*** RECORDED INFORMATION Section Begins ***

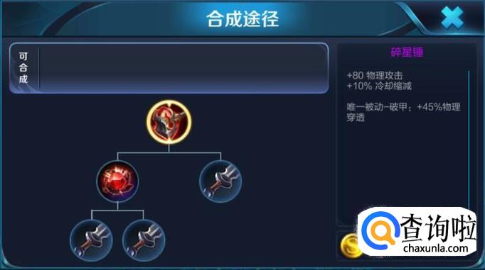 碎星锤能增加百里守约的物理穿透,大大增加百里守约的攻击力,还能缩短技能CD
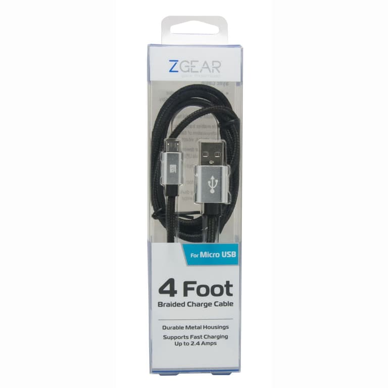 1 year limited warranty; 4 Braided Metal Tip Micro Charge & 4 feet of cable; Case friendly slim tip; Charge personal devices from any USB port; Durable tangle resistant cable; Sync Cable - Black
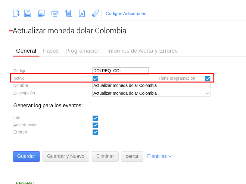 En esta instancia será necesario validar que en la solapa General, se encuentren tildadas las casillas: Activo y Tiene programación.
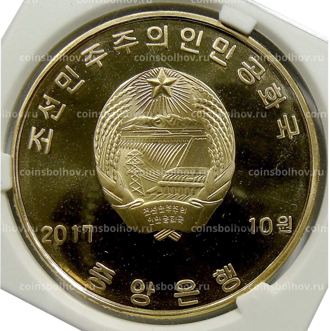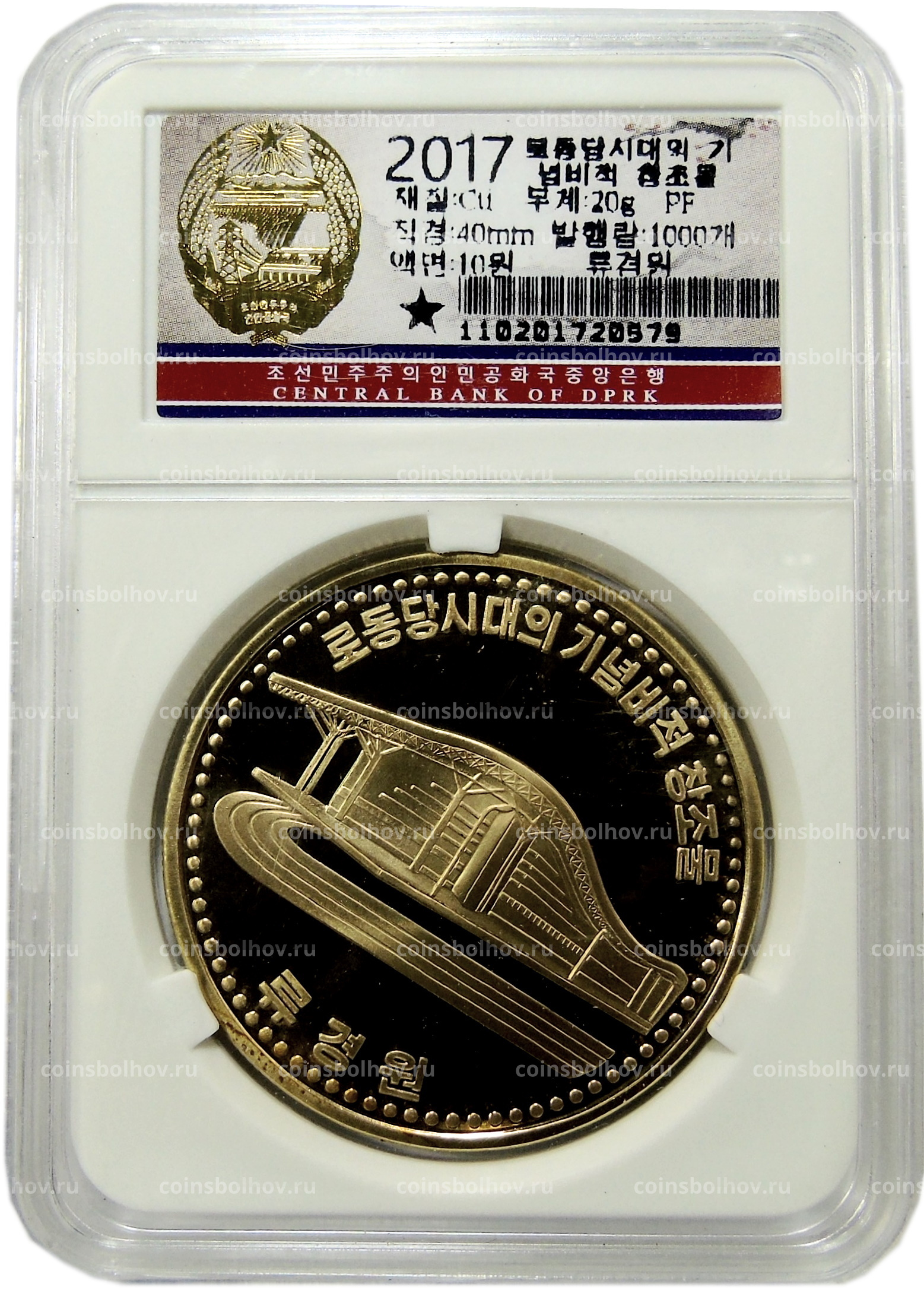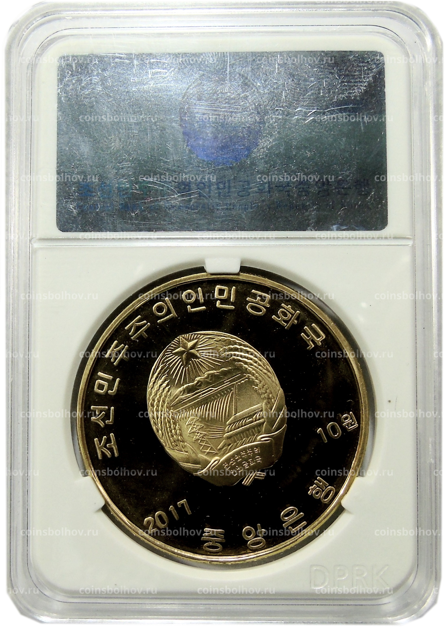 Монета 10 вон 2017 года Северная Корея «Здание» (В слабе Центрального банка КНДР)

*** RECORDED INFORMATION Section Ends ***

## TASK BRIEF
The expected answer is an unaltered copy of the listing, images removed.

## FINISHED EXERCISE
 碎星锤能增加百里守约的物理穿透,大大增加百里守约的攻击力,还能缩短技能CD
 1 year limited warranty; 4 Braided Metal Tip Micro Charge & 4 feet of cable; Case friendly slim tip; Charge personal devices from any USB port; Durable tangle resistant cable; Sync Cable - Black
 En esta instancia será necesario validar que en la solapa General, se encuentren tildadas las casillas: Activo y Tiene programación.
 Монета 10 вон 2017 года Северная Корея «Здание» (В слабе Центрального банка КНДР)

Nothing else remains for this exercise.